Voice of Experience: Jan Floyd-Douglass
By Elizabeth Harrin (London)
“I’ve always been a cold contactor,” says Jan Floyd-Douglass, when I ask her how she landed her top city jobs at Zurich and Barclays. “I find it’s much better to circumnavigate all the job ads.”
Jan started out with two job offers on the table: Lloyds and Citicorp and back in the ’70s took the lower paid role because Citi created “a hum” inside of her. It turned out to be a good choice. Over her fourteen years with Citi, she had seven different roles, ultimately ending up as Resident Vice President for mortgage sales.
The instinct for choosing a good job was still with her as she took a leap to join the first securitisied lending operation in the UK. “I loved the idea of recycling money,” she says. First Mortgage Securities headhunted Jan to join them and she saw her role as Head of Distribution and Channels as a chance to be a pioneer (and FMS didn’t do sub-prime).
Flexing Her Skill Set
Jan lost her job in the last recession and then found herself completely priced out of the market—something many veterans of the ’90s downturn can sympathise with. Setting up your own business when the economy is pear-shaped is a brave move, but Jan realised that she needed to use her existing abilities to cope with the changing times. “Build a skill set and flex it in different ways,” she advises.

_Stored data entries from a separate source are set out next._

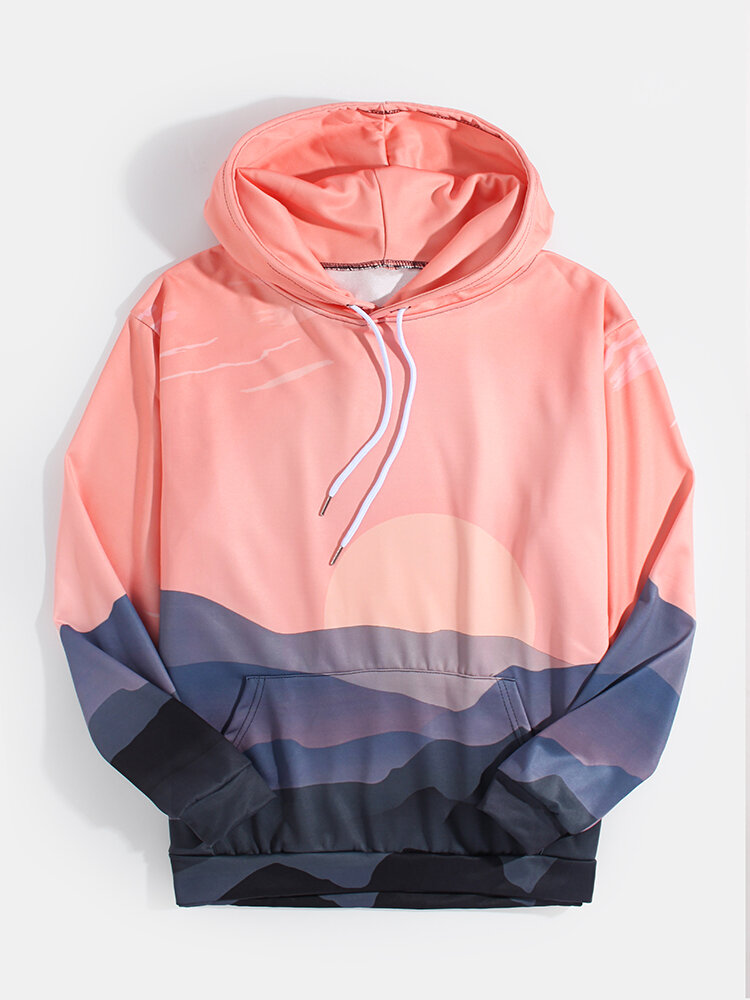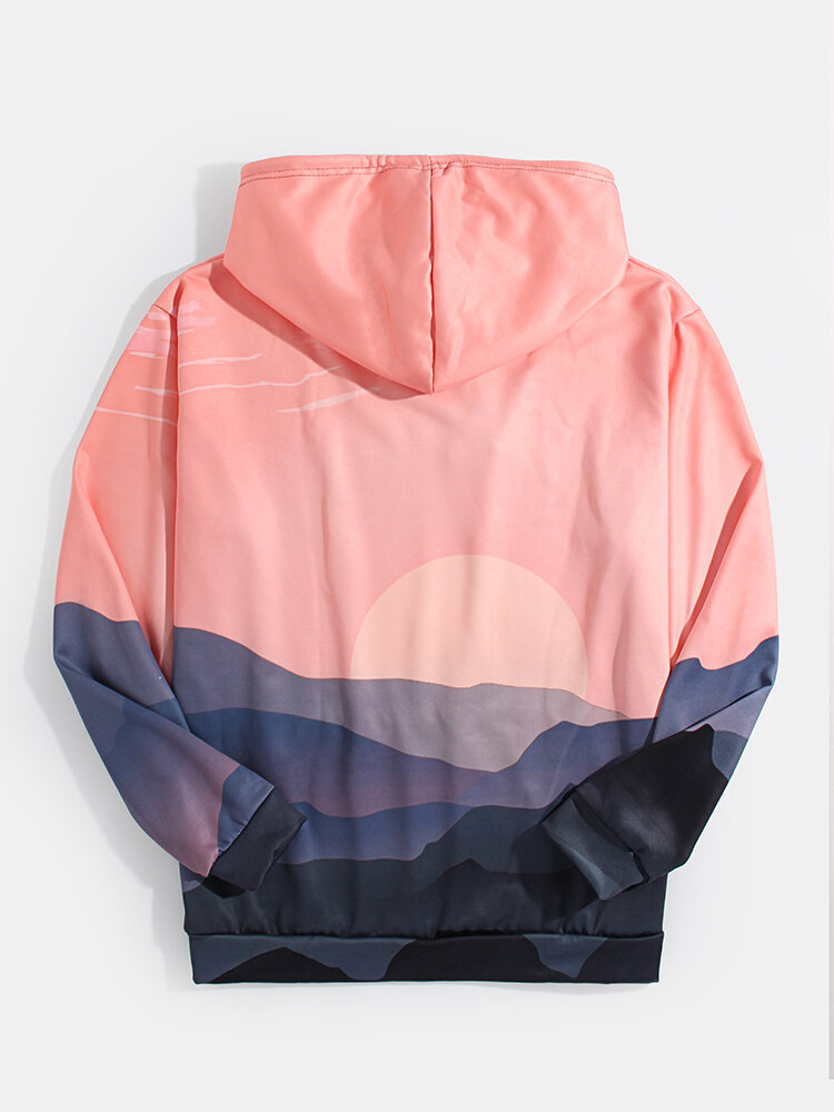 Mens Design Landscape Print Pouch Pocket Pink Hoodies – Pink L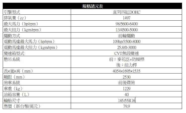 小體積的油電系統不僅節省機械空間,成本也相對一般油電系統更低,這點從車價只比1.5升汽油引擎車型貴五萬這點就可以大略看出。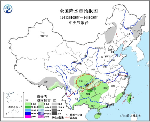 13日08时至14日08时,西藏东部、川西高原中部、内蒙古中部、东北地区东北部、湖北西南部、湖南西北部、贵州北部、重庆东南部等地有小雪或雨夹雪;西南地区东部、云南东部、江南西部和东南部、华南西部、台湾等地有小到中雨。内蒙古中东部、山东半岛等地有4~5级风。台湾海峡、巴士海峡有6~7级、阵风8级的东北风。

Jan set up her own consultancy practice, working with financial services organisations and others to create and deliver effective growth and business development strategies, effectively helping companies come to terms with the whirlwind economy and pick themselves up again. It also provided her with the opportunity to work more flexibly, which was important with a young family.
When her daughter turned seven, she returned to the corporate world. She took a position with an HR services provider, but was soon headhunted again – this time to become the Global Sales Director for Barclays Private Bank. “It made me realise I love the big corporate canvas,” she says. “You can do things faster and with greater resources.”

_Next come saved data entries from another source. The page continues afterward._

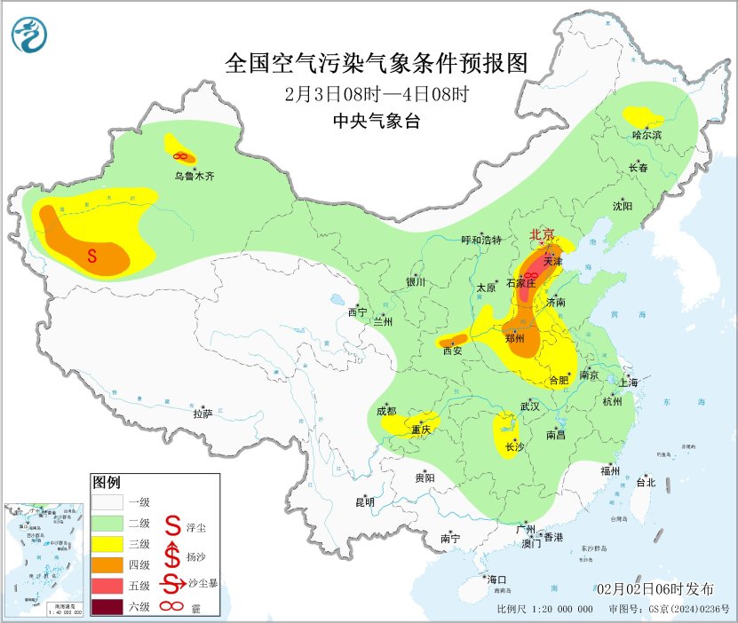 中国网2月2日讯 据中央气象台消息,2日至4日,华北中南部、黄淮中西部、江淮中西部、江汉等地的部分地区有轻至中度霾,局地重度霾。5日起,受冷空气影响,上述地区霾天气自北向南逐渐减弱消散。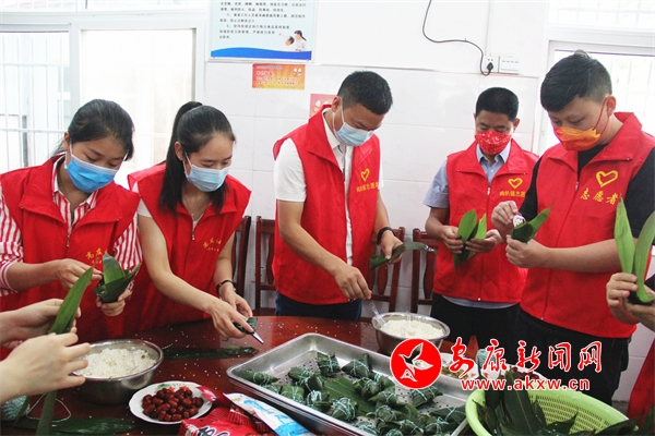 △ 構朳鎮組織志愿者到敬老院給老人們包粽子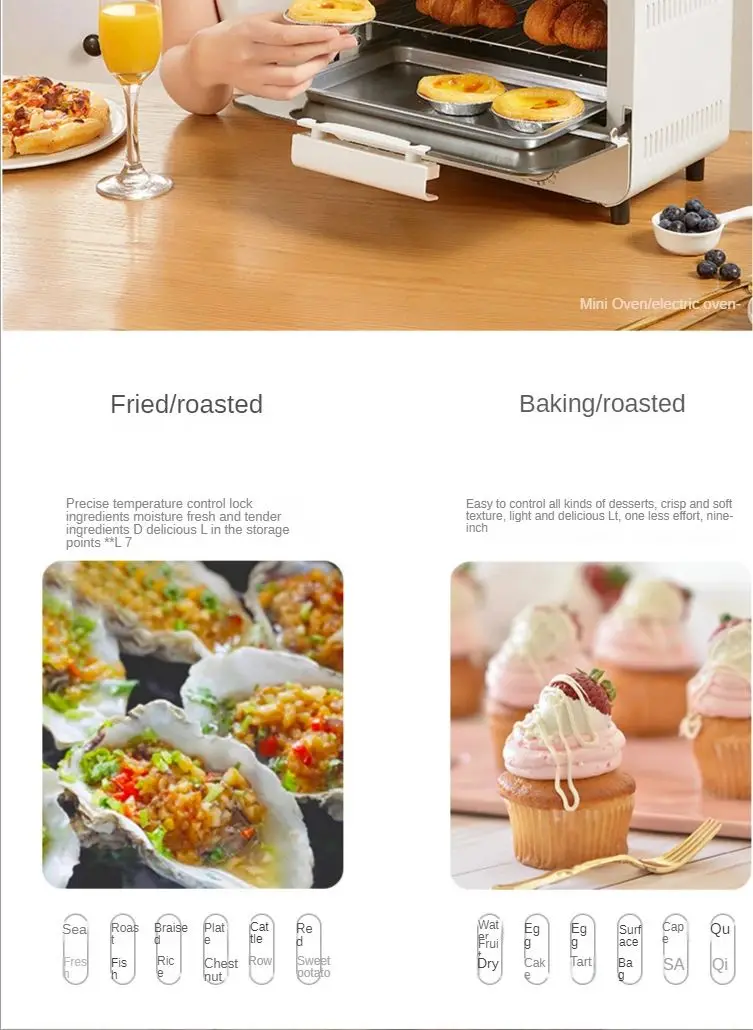 이 미니오븐은 10L의 컴팩트한 용량으로 1~2인 가구나 자취러에게 딱이에요! 공간 차지도 적고, 주방 한 켠에 두면 인테리어 효과까지 톡톡히! 작지만 닭날개, 립, 해산물, 케이크, 에그타르트 등 웬만한 요리는 다 할 수 있어요! 🍗🧁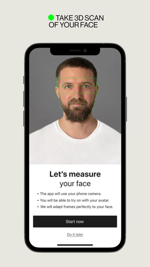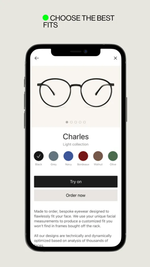 Our 3D-printing technology produces glasses that are 100% customised to a highly detailed scan of your face. To optimize our frames, we analysed the shape and structure of thousands of faces. But while the design of our frames is based on the data of many people, each pair of glasses is finished based on the data of just one. Our in-house developed algorithm automatically amends the frame to ensure an optimal fit without losing the characteristics of the original design.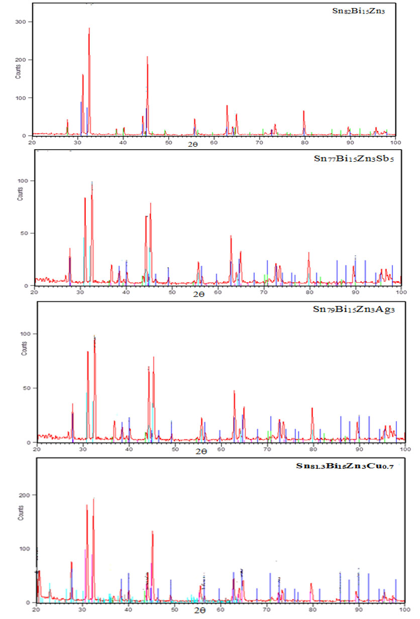 Figure 1 shows x-ray diffraction patterns of Sn82Bi15Zn3, Sn77Bi15Zn3Sb5, Sn79Bi15Zn3Ag3 and Sn81.3Bi15Zn3Cu0.7 alloys which have sharp lines corresponding to tetragonal β-Sn phase, hexagonal Bi phase, Zn phase and small lines represented undetected intermetallic compounds with dissolved atoms (Cu or Sb or Ag) in matrix formed a solid solution. The details of x-ray analysis of usedalloys which comes from the x-ray device (2θ, Int. %, d Å, FHWM and area) and x-ray cards (phase and Miller indices) are listed in Table 1. The x-ray analysis show that, the feature of formed phases such as crystallinity (peak intensity), crystal size (peak broadness) and orientations (peak position, 2θ) for Sn82Bi15Zn3 alloy changed after adding antimony, silver and copper. That is because these elements atoms dissolved in matrix alloy formed a solid solution with undetected phases that agree with pervious work6,7 and other.8- 10
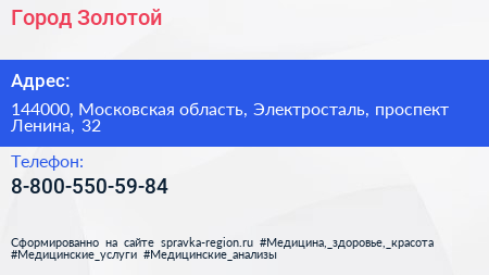 Город Золотой по адресу 144000, Московская область, Электросталь, проспект Ленина, 32 в дальнейшем Организация, размещена в следующих категориях: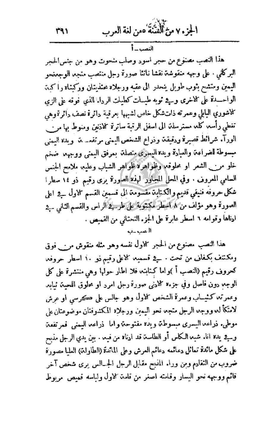 هذا النصب مصنوع من حجر اسود وصلب منحوت وهو من جنس الحجر البركاني. على وجهه منقوشة نقشا ناتئا صورة رجل منتصب متجه الوجه نحو اليمين ومتشح بثوب طويل ينحدر إلى عقبه ورجلاه محتذيتان وركبتاه راكبة الواحدة على الأخرى وفي ثوبه طيات كطيات الرداء الذي فوقه على الزي الآشوري البابلي وعمرته ذات شكل خاص لشبهها بعرقية دائرة نصف دائرة وهي تغطي رأسه كله مسترسلة إلى اسفل الرقبة ساترة الأذنين ومنوط بها من الوراء شرائط قصيرة ودقيقة وذراع الشخص اليمنى مرتفعة ويده اليمنى مبسوطة للضراعة والعبادة ويده اليسرى متصلة بمرفق اليمنى ووجهه ضخم خلو من الشعر أو محلوقه وظواهره ظواهر الشباب وعليه ملامح الجنس السامي المعروف. وفي المحل المجاور لهذه الصورة يرى رقيم ذو 14 سطرا شكل حروفه فنيقي قديم والكتابة مقسومة إلى قسمين القسم الأول في أعلى الصورة وهو مؤلف من 8 اسطر مكتوبة على طرفي الرأس والقسم الثاني في أدناه وقوامه 6 اسطر عابرة على الجزء التحتاني من القميص.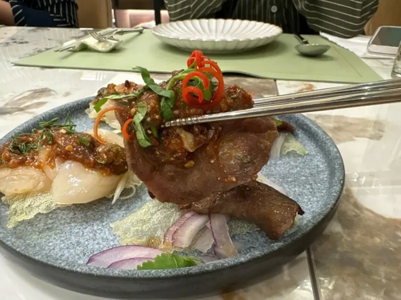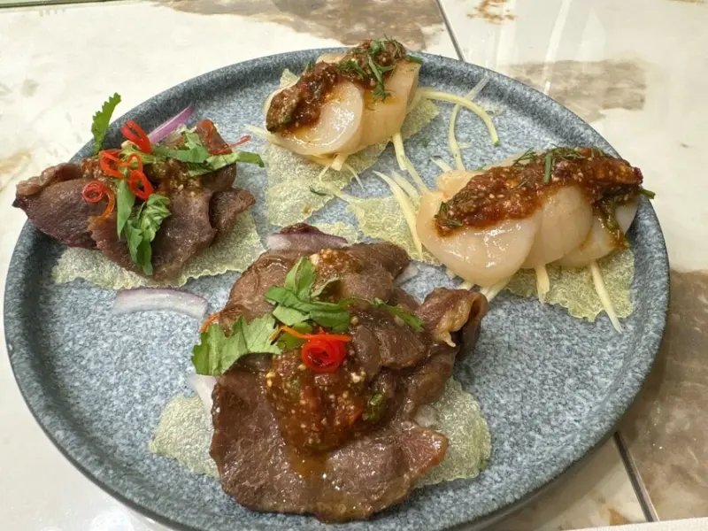 干貝新鮮又軟嫩,入口即化的口感令人驚豔,完全沒有腥味;牛舌的外皮煎得微微焦脆,內部口感豐富且肉質滑順,搭配主廚特製的佐料,層次感十足,真的很好吃!

The Barclays team was made up of people who had come up through the ranks and people fresh out of Oxbridge. Jan brought her considerable HR experience to the table. “It was a great lesson in team unification,” she says. “The key to managing people who don’t get on is to give them projects. The goal sublimates the relationship.” She had to find out what the blockers and barriers were, then work out how to overcome them. “You have to find ways to keep the team going,” she adds.

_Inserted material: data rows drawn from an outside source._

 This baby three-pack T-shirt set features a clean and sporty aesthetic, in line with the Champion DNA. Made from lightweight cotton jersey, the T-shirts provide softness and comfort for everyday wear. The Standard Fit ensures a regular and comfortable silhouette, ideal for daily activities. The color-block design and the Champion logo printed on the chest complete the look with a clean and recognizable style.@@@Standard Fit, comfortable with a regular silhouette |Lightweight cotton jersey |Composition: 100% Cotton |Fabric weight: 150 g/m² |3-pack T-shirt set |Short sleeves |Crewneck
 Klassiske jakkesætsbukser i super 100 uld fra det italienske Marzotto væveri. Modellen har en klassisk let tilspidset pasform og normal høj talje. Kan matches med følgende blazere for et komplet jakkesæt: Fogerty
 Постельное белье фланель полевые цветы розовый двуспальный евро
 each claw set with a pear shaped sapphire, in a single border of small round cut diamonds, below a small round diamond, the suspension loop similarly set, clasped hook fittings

A six-month contract turned into two years and an increase in assets under management of 46%. Then Barclays presented another challenge. How would she like to manage the merger of the international and private banking divisions of Barclays Wealth?
Jan says that her boss thought it “irrelevant” that she had never managed a merger before. He knew that she was someone who delivered results, and that was the key thing. “I spent that Sunday in bed with a two thousand line project plan,” she says. “I identified everything it had to cover and then I prioritised them.”
One of the hardest parts of any merger is the fact that when you remove overlap you also remove jobs. “If you are the one left behind you’re thinking, ‘great, more work’,” Jan says. She tackled this by giving the consolidated team things to do to stop the worrying. They started to think about how they would run the organisation if they could start from nothing. As a group, they identified what things could go, and a lot of meetings suddenly became redundant. That freed up people’s time, so they were no longer concerned about all the extra work – it slotted in to where those meetings used to be. No one was overworked and everyone felt bought in to the new structure.
Advice for Women Aiming for the Top
At Barclays, Jan won four awards for women’s initiatives and her equality and diversity work. “There’s an element of me that likes altruism,” Jan says. “It’s really important to me to give something back.”
Jan’s latest role was as head of corporate pensions at Zurich, a job she nabbed by working out where she wanted to be and what she had to offer. She identified a gap at Zurich with their distribution channels, and approached them offering her skills. “Make sure that you are seen and heard – obviously for the right reasons,” she advises, adding “I was.”
She has some other words of wisdom for women aiming for the top. Although it might seem obvious, many women fail to do it: be a high performer and make sure that people are aware of your successes. “You’ve got to get a qualification – get a degree,” Jan adds, “and stay with quality.”